Pacte vert pour l'Europe : l'Europe veut devenir climatiquement neutre. Cet objectif ne pourra être atteint que si les émissions de CO2 du secteur aérien sont réduites. C'est pourquoi des recherches intensives sont menées dans ce domaine afin de déterminer les capacités requises pour les technologies de propulsion à l'avenir et les moyens de produire des carburants durables.
Sur les vols long-courriers, les carburants représentent 50 % des coûts d'exploitation. Quel carburant est le plus adapté et comment la technologie de propulsion doit-elle être adaptée à celui-ci pour pouvoir voler ? Les réponses à ces questions font actuellement l'objet de recherches, par exemple dans les laboratoires de la FH Joanneum Graz, en Autriche. Les plus grands espoirs reposent actuellement sur l'hydrogène. Utilisé comme carburant, il ne génère aucune émission de CO2 et est plus efficace que le kérosène dans la conversion en énergie.
Un projet européen se penche actuellement sur la question de la production de carburant durable : le SAF, pour Sustainable Aviation Fuel. Depuis le début de l'année, 11 instituts de recherche issus de 6 pays se consacrent à cette tâche. Le projet « ToFuel » est dirigé par l'université technique de Graz. L'objectif est de développer un concept de bioraffinerie sans déchets et neutre en CO2, qui produise un carburant aviation durable et compétitif sur le plan économique. Les déchets de tomates constituent la base de ce projet.
Dans le classement des légumes les plus consommés au monde, la tomate occupe la deuxième place (après la pomme de terre). Salade, pulpe, passata, ketchup, sugo, conserves... lorsqu'il s'agit des légumes les plus transformés, la tomate occupe la première place. Les serres et les technologies modernes permettent de cultiver des fruits frais toute l'année, en Chine et en Inde comme en Turquie ou aux États-Unis. Avec une récolte de 17 mégatonnes de tomates, l'UE occupe la troisième place en termes de production. Cependant, la plante entière ne peut jamais être transformée : les fleurs, les feuilles, les tiges, les peaux, les graines et les tomates de qualité insuffisante sont actuellement brûlées ou éliminées comme déchets agricoles. Et c'est là que réside un énorme potentiel : selon les estimations des responsables du projet, les résidus issus de la transformation des tomates dans toute l'UE pourraient couvrir environ 3 % des besoins européens en carburants d'aviation durables d'ici 2030.

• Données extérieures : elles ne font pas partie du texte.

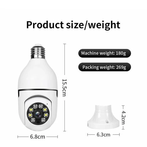 Installation sans fil et facile : La caméra prend en charge stockage en nuage et stockage sur carte micro SD. La caméra n’est pas livrée avec une carte SD, le stockage en nuage doit être payé. Cette caméra de sécurité peut être installée avec une base E27 standard (110V ~ 240V), plus aucune étape d’installation supplémentaire. Ensuite, tout ce que vous avez à faire est de connecter le système de caméra au routeur et d’ouvrir l’application pour configurer la caméra en quelques minutes.
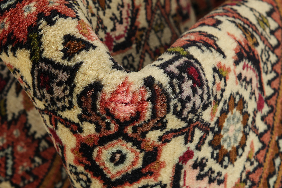 Abrasz: Ze względu na odmienny stopień natłuszczenia włosia oraz różnej zawartości soli podczas procesu barwienia, wełna wykazuje nierównomierną chłonność ilości barwnika. Przed rozpoczęciem tkania nie jest to aż tak widoczne. Natomiast podczas samego tkania powstają rzędy o odmiennych odcieniach tego samego koloru. Efekt ten zwany jest Abrasz – co w języku perskim znaczy „chmurka” - demonstruje ono naturalność i autentyczność włosia, do którego wyrobu nie zostały użyte żadne środki chemiczne. Przykłady

De la plante vivace au réservoir, telle pourrait être la devise. Les résidus végétaux doivent d'abord être traités de manière à ce que les micro-organismes puissent les exploiter efficacement. Dans le cadre du projet, deux technologies de fractionnement sont testées à cet effet : lors de l'extrusion, la biomasse est traitée sous l'effet de la chaleur et de la pression, puis décomposée en ses composants cellulaires par une chute brutale de pression. Dans le cas de la liquéfaction hydrothermique, la biomasse est transformée en bio-huile et en biocharbon sous haute pression et à haute température. Les deux approches sont étudiées et comparées. Il s'agit ensuite de purifier les composés azotés avant que la bio-huile puisse être raffinée en carburant.
Outre un carburant durable pour l'aviation, on obtient également des engrais, des aliments pour animaux et de l'huile alimentaire. Le projet étudie également les impacts écologiques, économiques et sociaux de ces technologies. Enfin, cela pourrait ouvrir une nouvelle source de revenus pour l'industrie agroalimentaire.
Une autre piste prometteuse de l'Université technique de Graz passe par le microscope électronique. Afin de pouvoir examiner des échantillons biologiques au microscope, ceux-ci sont traités avec un agent de contraste. Cela permet de mieux reconnaître les structures tissulaires. L'agent standard utilisé est l'acétate d'uranyle. Pour des raisons de sécurité, cette substance hautement toxique et radioactive ne peut pas être utilisée dans tous les laboratoires. Des chercheurs de l'université autrichienne ont maintenant découvert que l'espresso est non seulement une alternative équivalente, mais aussi une alternative écologique, inoffensive et peu coûteuse. Inspiré par les taches circulaires séchées dans les tasses à café, le test a été réalisé avec un échantillon d'algues. Le résultat était prometteur. La comparaison directe avec l'acétate d'uranyle l'était également : les valeurs de contraste étaient même parfois meilleures. Pour une application à grande échelle en microscopie électronique biologique, des recherches supplémentaires sur différents types de tissus sont nécessaires. Le café stimule ainsi la recherche à plusieurs niveaux.
La photo montre une image au microscope électronique d'une algue qui a été prétraitée à l'espresso afin de créer des contrastes plus marqués.